Tuesday, December 05, 2006

Seattle Will Never Be Able To "Fix" Its Public School System

First let me be clear, I do not think the entire Seattle School District is broken. I sincerely believe that some of the schools are very good, including my child's elementary school. My child gets a very good education and is light years ahead of where I was in first grade and is substantially ahead of many of the neighbor kids who go to private schools. The problem with the Seattle School District is some of the schools are not educating the students and for most of those schools, that is a problem that the school district will never be able to fix because the problem is not within the schools walls.

I agree with my friend over at Leaning Straight Up that fixing schools is a better solution than the race based assignment plan that was before the U.S. Supreme Court the other day, audio of which can be found here, thanks to Sound Politics for the link. Where we differ is my contention that I do not care how much you spend on the facilities or staff, the one thing missing from the poor performing schools, the most important factor by far in a child getting a good education is something the district has no control over, parental involvement.

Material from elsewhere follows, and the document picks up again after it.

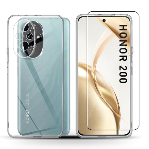 Holilo - حافظة هوليلو + 1 حافظة من الزجاج المقوى لهاتف هونر 200، حافظة حماية حريرية من البولي يوريثين الحراري بدرجة صلابة 9، حافظة حماية HD مضادة للخدش من جل السيليكون

Let's assume we could start from scratch with almost unlimited funds to build a school district where each and every kid would have access to the exact same facilities, staff and programs. If you were to take a tour of each school, look at the facilities, talk with the teachers, see what programs they offer, you could not tell one school from another. Now let’s add the students. For the first school, let’s only allow in kids that come from a two parent household. Now for the second school, only allow in those students from single parent households. Will one of these schools produce better results? Of course they will and luckily for us, the Seattle School District has compiled the data starting on page 145.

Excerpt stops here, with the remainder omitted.